Maybe matters wouldn’t have been so tedious if lead Kurt Russell hadn’t been miscast in a role that requires him to only utter 104 words during the entire film. Don’t get me wrong, Russell is a fucking great actor who is armed with charisma to spare, but when that charisma is contained in the acting equivalent of dealing it in concrete and dropping it in the North Sea, then you’ve missed a trick. Simply put, you just don’t cast Jack Burton to play the Terminator. Maybe there was a bunch of scenes that spelt out Todd’s emotional journey, but the restrictive, ninety minute running time simply has no patience for soul searching and the character’s inner turmoil and longing is only carried over by Todd staring a little too long at Sandra’s boobs – as a result the movie crucially ends up being emptier than Todd’s contribution to the movie’s quotes section on IMDb.

The longer the film goes, the more it make it harder to like. Maybe Todd’s journey would have been easier to support of the script didn’t bend over backwards to have our hero make the moves on the wife of the man who saved him mere minutes after he dies, or even if he managed to save more than a handful of people in the explosion happy climax, Soldier ultimately is a movie that cares more about cool action shots than the emotions sandwiched between the booms.

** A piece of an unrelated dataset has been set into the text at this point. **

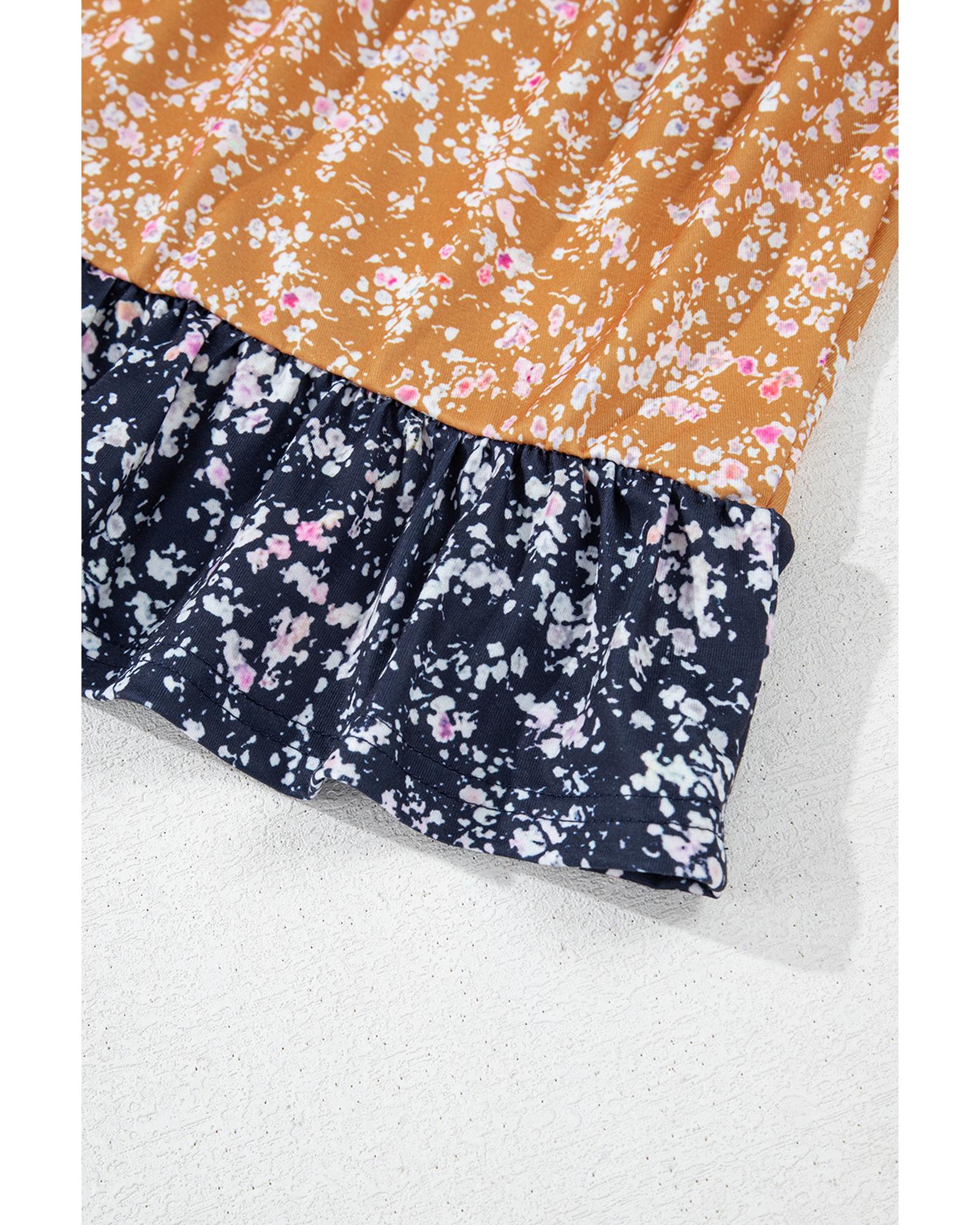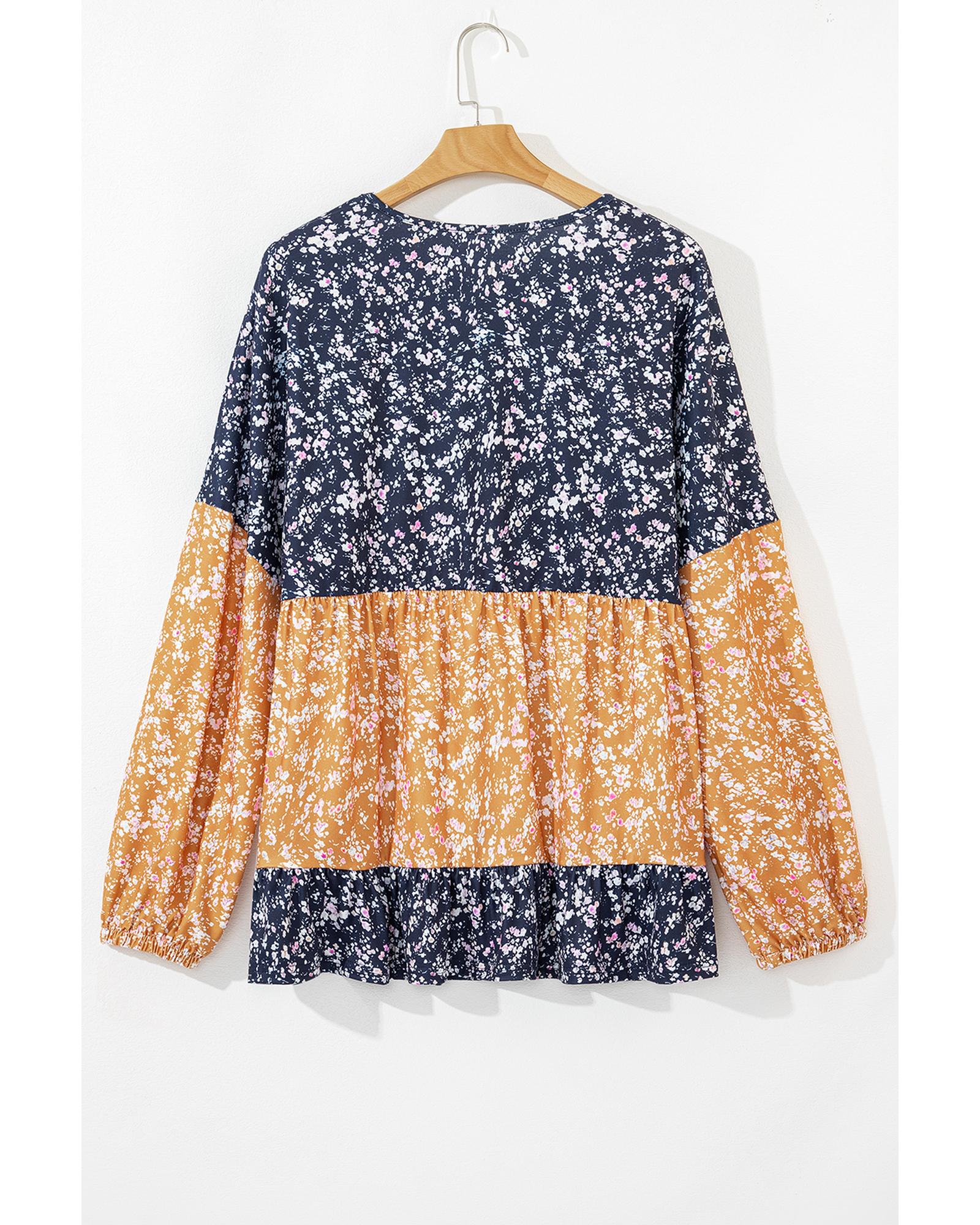 Blue Floral Color Block Patchwork Ruffled Hem Round Neck Blouse – M

There is literally no chemistry from the cast at all with actors such as a bland Connie Nielsen, a wasted Jason Scott Lee, a bored Gary Busey and Anderson regulars Sean Pertwee and Jason Issacs simply going through the motions while Anderson impatiently shuffles toward the next firefight.
To give the man his flowers, he certainly knows how to shoot gunfire in slo-mo and Russell looks suitably jacked as a character who amusingly is named for the cartoon Fox the actor voice in Disney’s The Fox & The Hound – but it doesn’t doesn’t excite in the way that the director thinks it does and even that slick style he brought to Event Horizon fails to soften the blow.
In the years since, the sole thing Soldier has become remembered for is that its continuously (and rather irritatingly) hailed as a sort of pseudo sequel to Ridley Scott’s Blade Runner thanks to a name check of a couple of battles mentioned in Roy Batty’s iconic death speech and a trashed Spinner spotted in one scene. However, despite Peoples’ insistence, Soldier is lacking so much in the quality department it’s no more connected to Blade Runner than 1968, Frank Sinatra starrer, The Detective is to fucking Die Hard (if you know, you know).

As monotonous, bland and lifeless as its lead character, the script writes emotional checks its director simply just can’t cash and as a result, Soldier is begging for a dishonorable discharge.